第一個 12 小時作業班次 (00:00-11:59:59)
第二個 12 小時作業班 (12:00-23:59:59)
第一個 8 小時作業班 (00:00-07:59:59)
第二個 8 小時作業班 (08:00-15:59:59)
第三個 8 小時作業班 (16:00-23:59:59)

并將結果回傳給 Spark 框架。我嘗試了以下方法未成功：

import time
import datetime as dt
from pyspark.sql import functions as F
from pyspark.sql.functions import *
from pyspark.sql.functions import dayofmonth, dayofweek
from pyspark.sql.functions import to_date
from pyspark.sql.types import StructType,StructField, StringType, IntegerType, TimestampType

dict = [{ 'name': 'Alice'},
        { 'name': 'Bob'}]
#df = spark.createDataFrame(dict)
schema = StructType([ 
    StructField("timestamp",        TimestampType(), True), \
    StructField("date",             StringType(), True), \
    StructField("name",            StringType(), True), \
  ])
 
#create a Spark dataframe
sqlCtx = SQLContext(sc)
sdf = sqlCtx.createDataFrame(data=dict,schema=schema)
sdf.printSchema()
sdf.show(truncate=False)

#Generate data and timestamp
new_df = sdf.withColumn('timestamp',    F.current_timestamp().cast("timestamp")) \
            .withColumn('date',         F.current_date().cast("date")) \
            .withColumn('day_of_month', dayofmonth('timestamp')) \
            .withColumn('day_of_week', ((dayofweek('timestamp') 5)%7) 1)  # start of the week as a Monday = 1 (by default is Sunday = 1)
            #.withColumn("No. records in 1st 12-hrs",from_unixtime(unix_timestamp(col("timestamp"),"yyyy-MM-dd HH:mm:ss"),"HH:mm:ss")) \
            #.filter(col("timestamp").between("00:00","11:59")) \
            #.groupBy("No. records in 1st 12-hrs", "name").sum("Count") \
            #.withColumn("No. records in 1st 12-hrs",from_unixtime(unix_timestamp(col("timestamp"),"yyyy-MM-dd HH:mm:ss"),"HH:mm:ss")) \
            #.filter(col("timestamp").between("12:00","23:59")) \
            #.groupBy("No. records in 1st 12-hrs" , "name").sum("Count") \

            #.withColumn('# No. records in 1st 8-hrs shift (00:00-07:59:59)', ????('timestamp')) \
            #.withColumn('# No. records in 2nd 8-hrs shift (08:00-15:59:59)', ????('timestamp')) \
            #.withColumn('# No. records in 3rd 8-hrs shift (16:00-23:59:59)', ????('timestamp')) \
new_df.show(truncate = False)

所以到目前為止，我的輸出如下，您可以在Colab notebook 中嘗試：

 -------------------------- ---------- ----- ------------ ----------- 
|timestamp                 |date      |name |day_of_month|day_of_week|
 -------------------------- ---------- ----- ------------ ----------- 
|2021-11-06 16:17:43.698815|2021-11-06|Alice|6           |6          |
|2021-11-06 16:17:43.698815|2021-11-06|Bob  |6           |6          |
 -------------------------- ---------- ----- ------------ -----------

或者，我檢查了一些關于基于 Spark 的資料過濾的帖子以及一個很酷的答案和按日期分組 spark 資料幀，以應用于name除作業班次范圍之外的特定主火花框架。

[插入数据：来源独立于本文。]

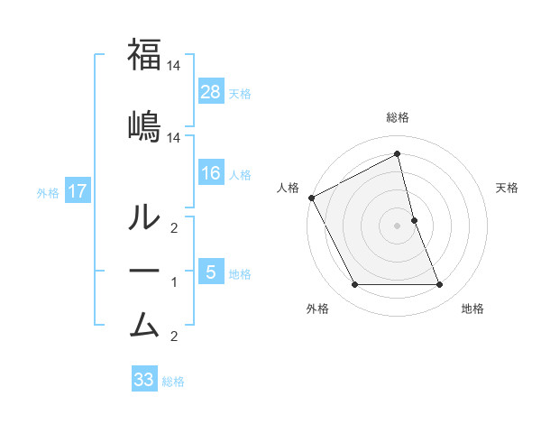 福嶋 ルームさんを姓名の画数から五運を鑑定
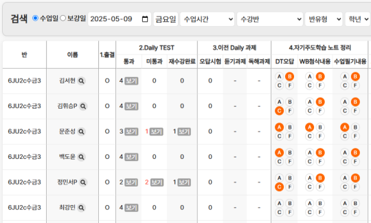 Daily TEST와 과제 미완료 학생을 위한 체계적인 추가 학습 시스템
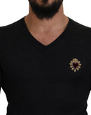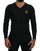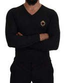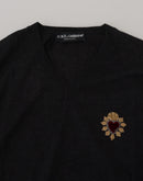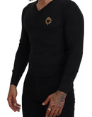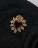 Dolce & Gabbana Gray Cashmere V-neck Gold Heart Sweater
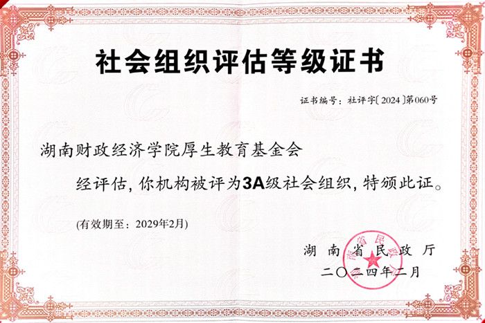 2026世界杯官方合作网站厚生教育基金会(以下简称“基金会”)成立于2017 年 1 月,属于非公募基金会,原始注册资金数额为人民币200万元,登记机关为湖南省民政厅。基金会于2017年1月被依法认定为慈善组织,2023年8月认定为省本级具有免税资格的非营利组织,可开具公益性捐赠收据,2024年2月获省本级社会组织评估等级3A认定,2024年5月获公益性捐赠税前扣除资格。
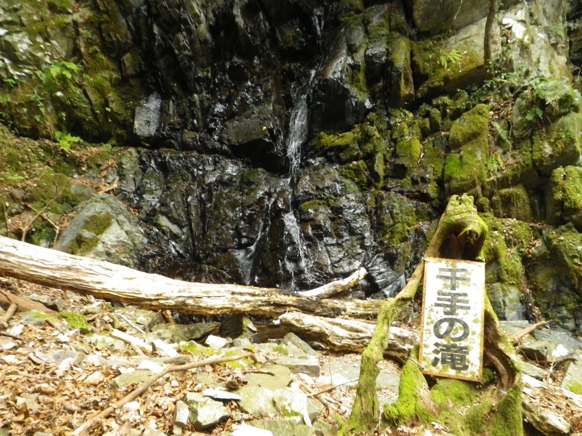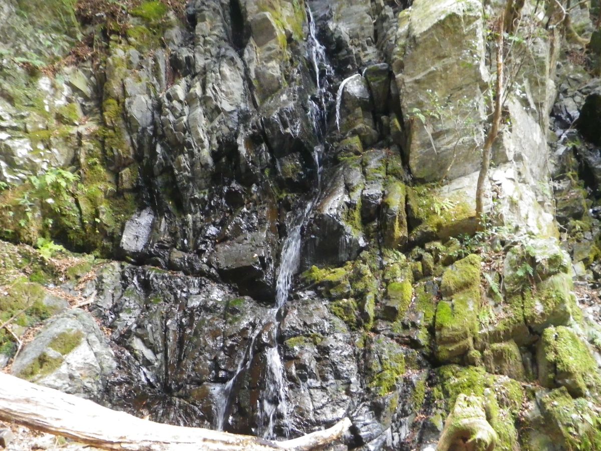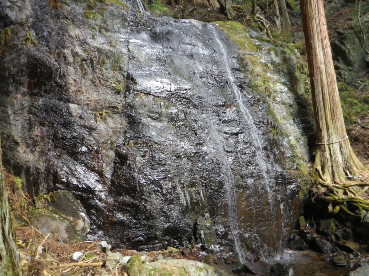 千手の滝から少し下ったところにある五光の滝に到着。看板はなかったけど事前に記事を見ていてこれが五光の滝に間違いない
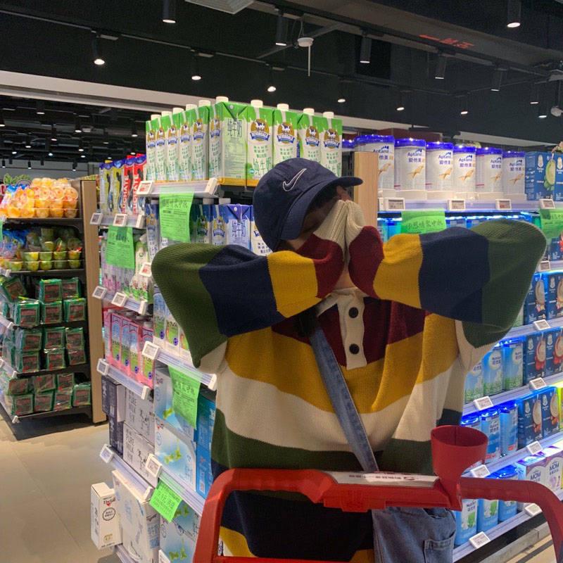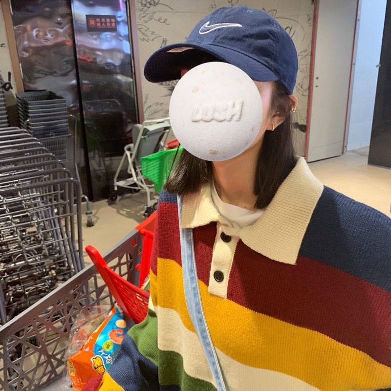 Pofulove Autumn Winter Harajuku Colorful Striped Sweater Female Loose Lazy Long-sleeved Sweater Coat
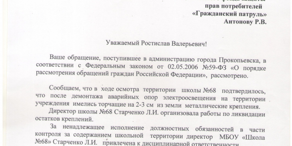 Номер жалобы:26789 Тип жалобы:Прочее Название объекта:- Регион:Кемеровская область Город:Прокопьевск Адрес:ул. Союзная, 59 Описание жалобы:На территории средней общеобразовательной школы #68 остались предположительно остатки опор старого забора. Из которых торчат штыри 3-7 см Статус:
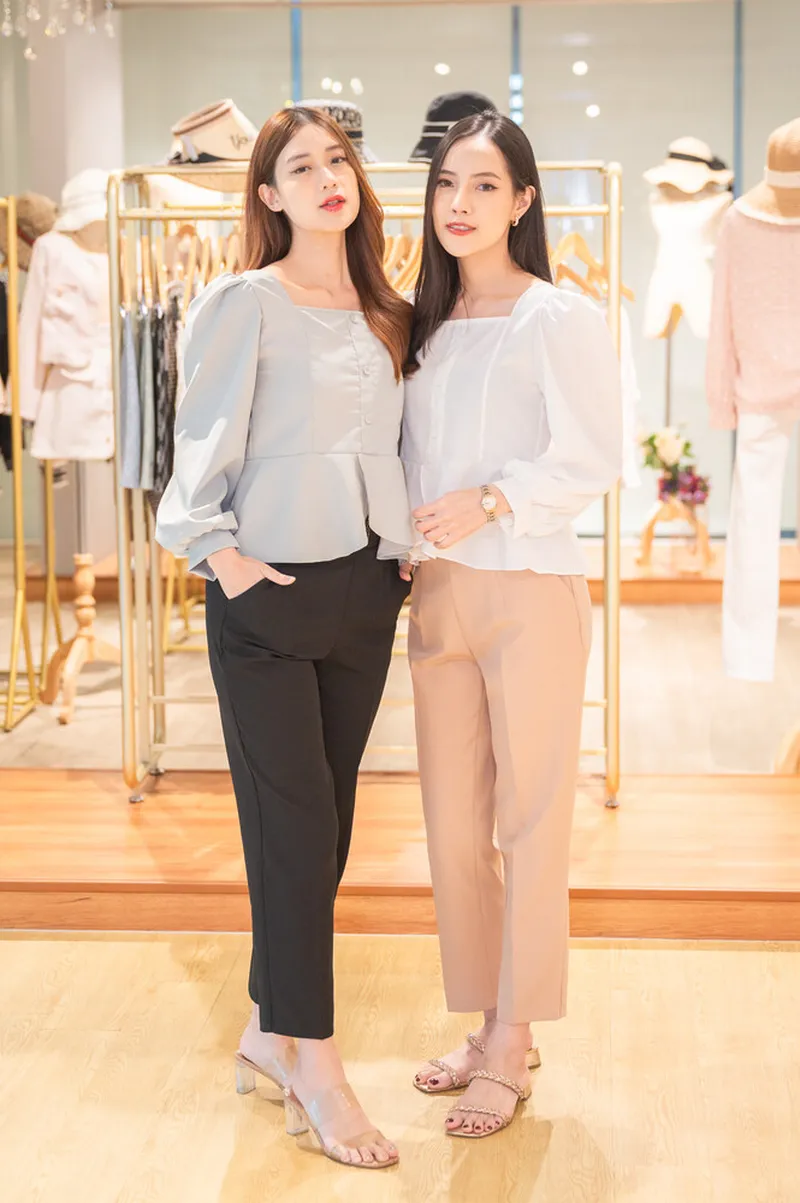 เสื้อแขนยาวสม็อคหลังชายระบาย กระดุมหน้า3เม็ด สีพื้นเรียบ
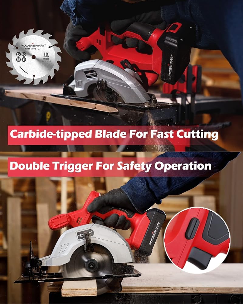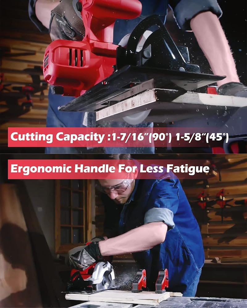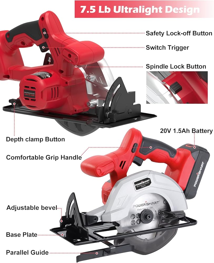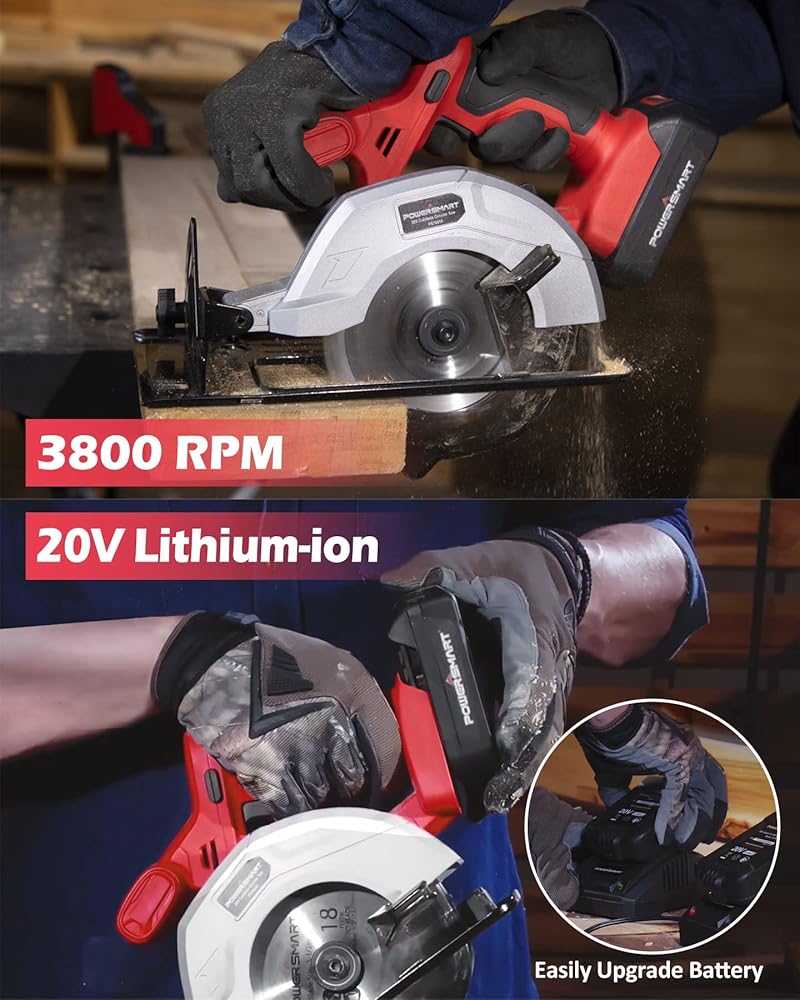 نظام بطارية عالمي 20 فولت: بطارية المنشار الدائري متوافقة مع جميع أدوات بور سمارت اللاسلكية. قطعة واحدة من بطارية ليثيوم ايون 20 فولت 1.5 امبير في الساعة مع مؤشر طاقة، مجهزة بشاحن سريع للحفاظ على المنشار الدائري اللاسلكي يعمل باستمرار باستمرار. أقصى سرعة إخراج 3800 دورة في الدقيقة، والتي تقطع بسهولة من خلال الخشب أو البلاستيك.
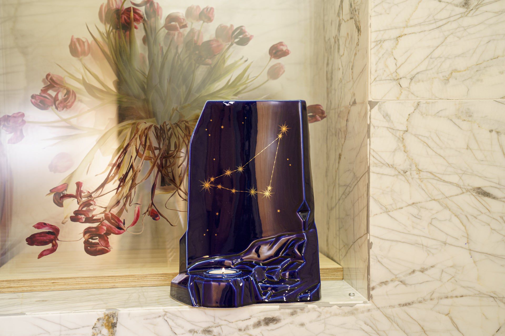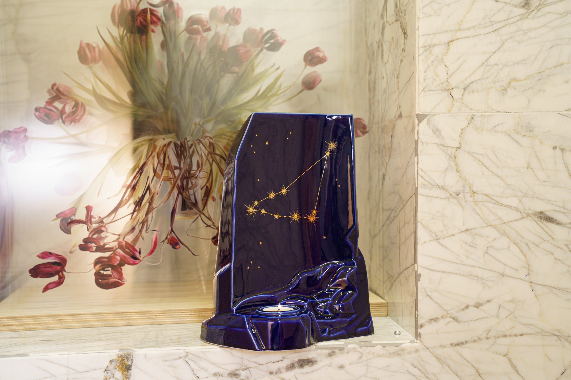 La collezione di Urne Zodiacali è smaltata in blu scuro e dispone di uno spazio per una candela commemorativa.
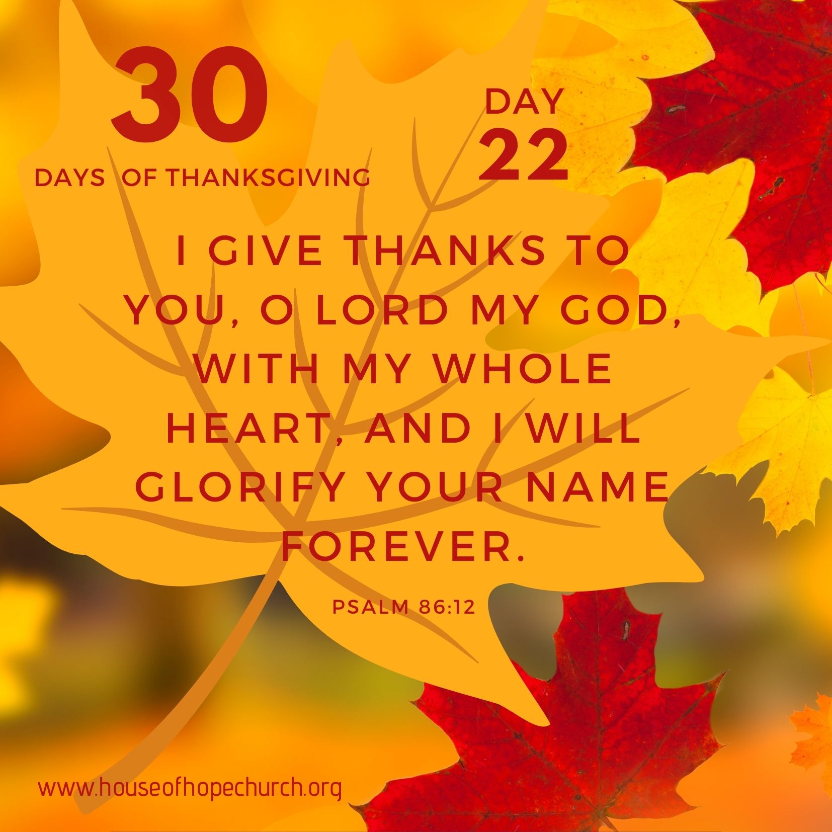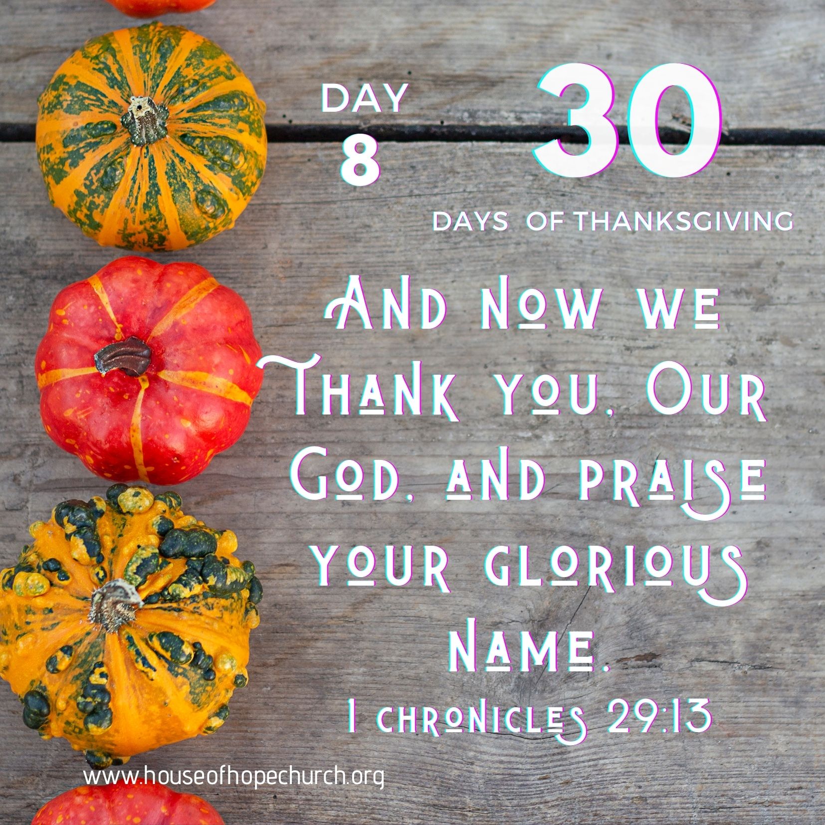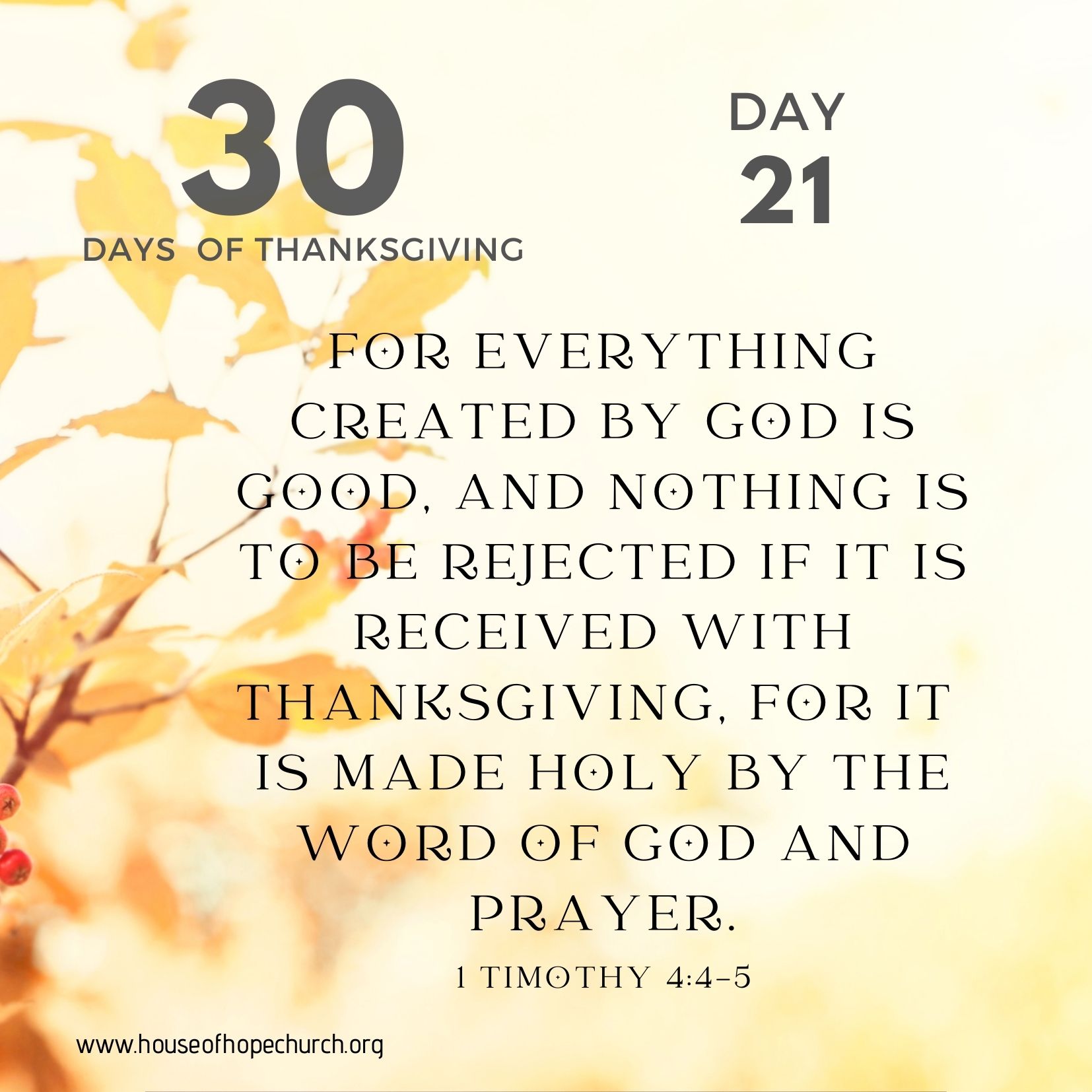 We invite you to join us for 30 days of Thanksgiving… In this busy season, let us pause each day and give thanks for God’s Goodness , His Faithfulness to us in every area of our lives.

請注意，我對使用UDF或破解它不感興趣toPandas()

所以預期的結果應該是特定的name == 'Alice'：

 -------------------------- -------------------------- -------------------------- -------------------------- -------------------------- 
|No. records in 1st 12-hrs |No. records in 1st 12-hrs |No. records in 1st 8-hrs  |No. records in 2nd 8-hrs  |No. records in 3rd 8-hrs  |
 -------------------------- -------------------------- -------------------------- -------------------------- -------------------------- 
|                          |                          |                          |                          |                          |
 -------------------------- -------------------------- -------------------------- -------------------------- --------------------------

uj5u.com熱心網友回復：

您可以通過檢查時間戳的小時部分之間來實作這一點[0, 11]，[12, 23]依此類推...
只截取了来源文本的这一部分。